This rice salad recipe is a bit 1970’s cuisine but full of vegetables and good stuff. When I barbeque in what passes for the British summer time, I like to have a selection of salads to go with the meat and this is a good side dish for a BBQ. This is great to take to work for lunch with some chicken or tofu. You can add raisins if you like them – they are not popular in our house so I sadly have to omit them. Feel free to change the vegetables for others, add more fruit such as grapes or use cauliflower rice to lower the carbs.
Ingredients
Brown rice – 1 mug or use leftover rice
1 large onion chopped
Curry powder – 1 teaspoon or more if you like it spicier
1 apple
1 red pepper
1/2 cucumber
Squeeze of lemon juice
Handful of raisins – optional
Salt and pepper to season
Method
Cook the rice according to instructions and let cool. Heat a frying pan over a low heat and spray with oil. Add the chopped onions and curry powder and fry for a few minutes until the onions are soft but not browned. Take off the heat and leave to cool.

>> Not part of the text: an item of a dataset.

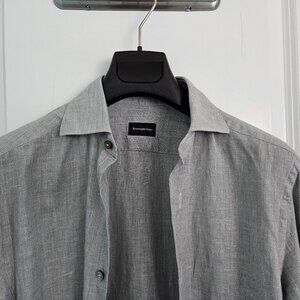 Ermenegildo Zegna Men’s Linen Blend Button-Down Shirt – Size S, Grey
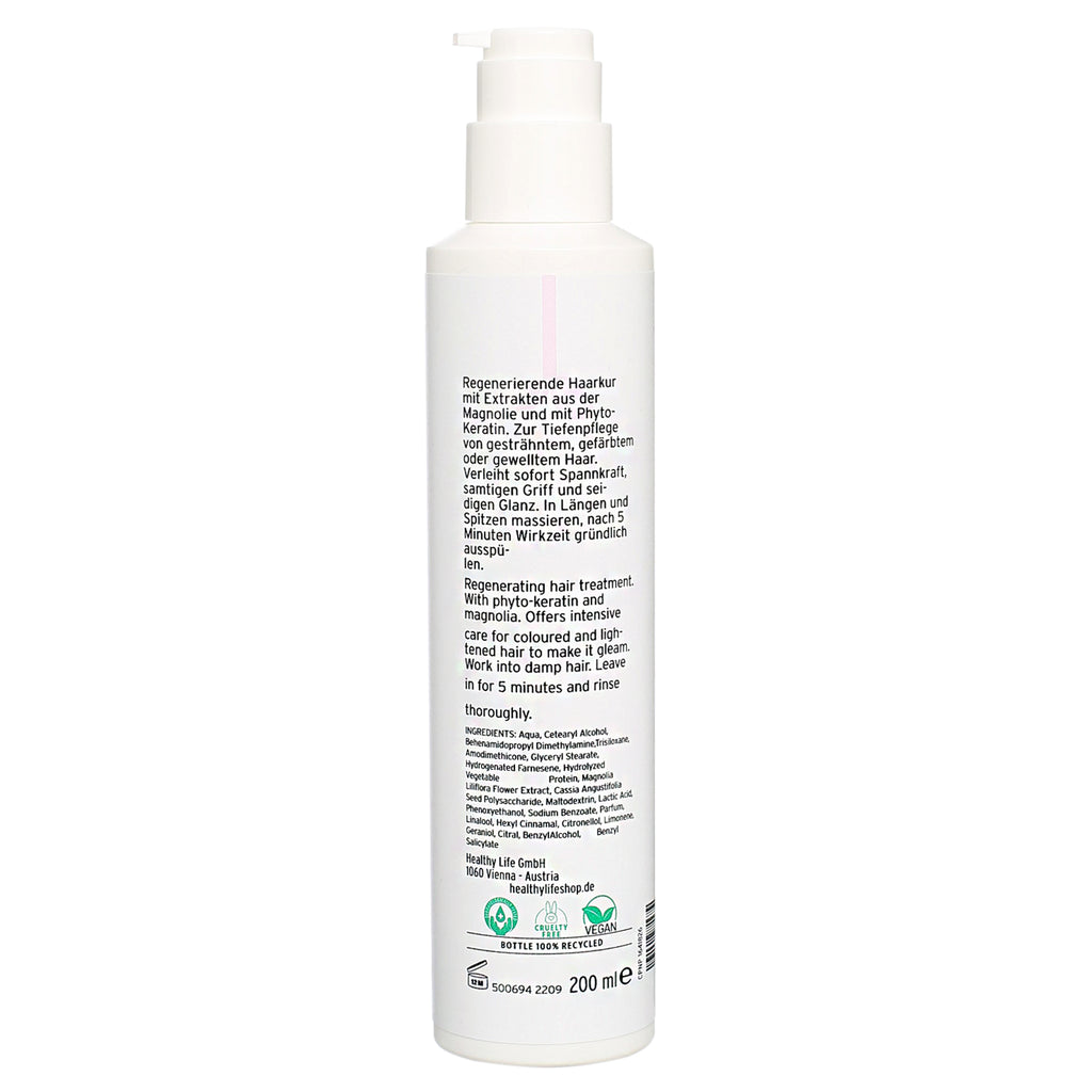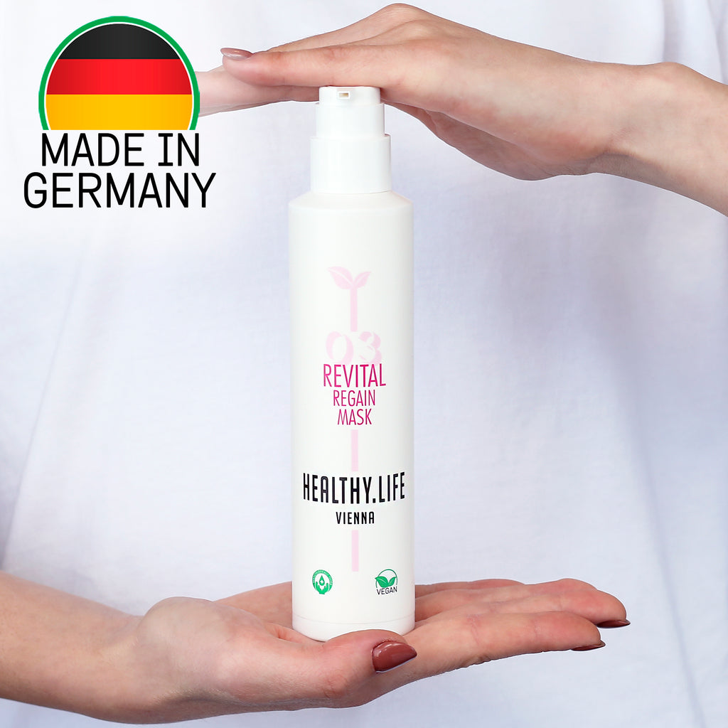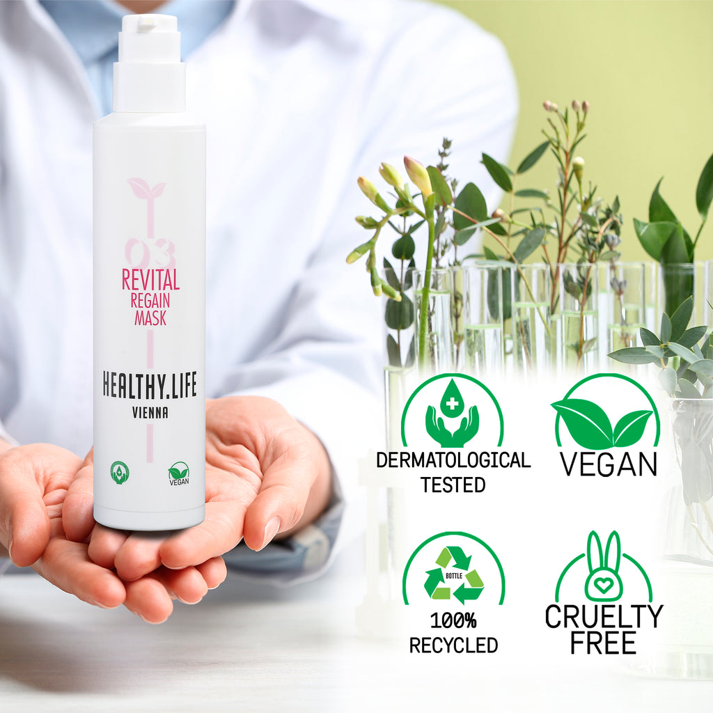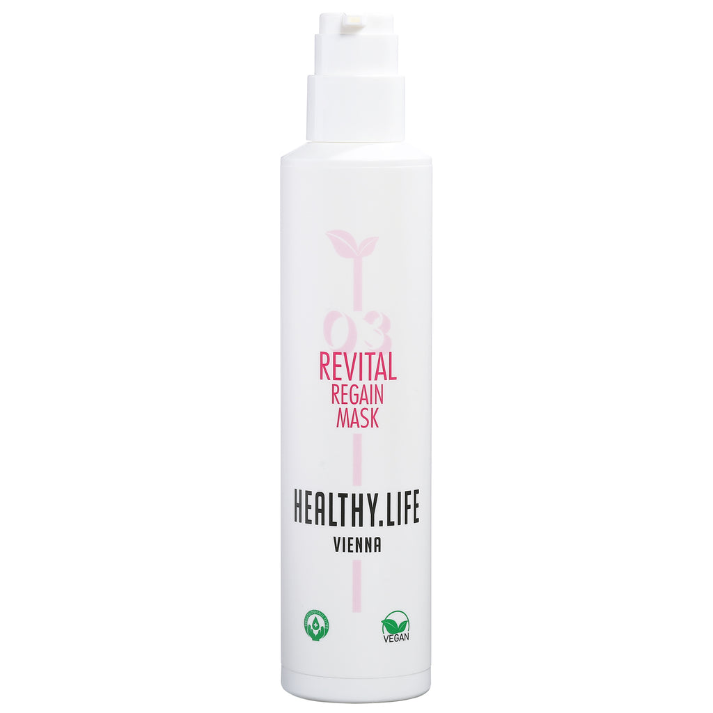 Revital Regain Mask führt dem Haar die Pflege-Wirkstoffe Magnolie und PhytoKeratin in hoher Konzentration zu. Selbst die Struktur von strapaziertem Haar wird stark verbessert. Das Haar ist geschmeidiger und glänzender. Auch die Haltbarkeit der Coloration verbessert sich stark. Die Maske fünf bis zehn Minuten – am besten unter Wärme – einwirken lassen und wieder ausspülen.

Chop the apple around the core and then chop into small cubes and squeeze the lemon juice over it. This adds a bit of flavour but more importantly prevents it from going brown. Slice the cucumber lengthways and remove the seeds. Slice into long strips, then cut across into small cubes. Take the pepper and slice around the core into chunks. Cut these into strips and then into cubes. Ideally all the fruit and veg should be a similar size.
Put the rice, onion mix and vegetables into a bowl and mix well. Throw in a handful of raisins (optional) and season with salt and pepper. Add a further squeeze of lemon juice if required. Sprinkle with some chopped green bits of spring onion for a garnish if you like just to finish the rice salad.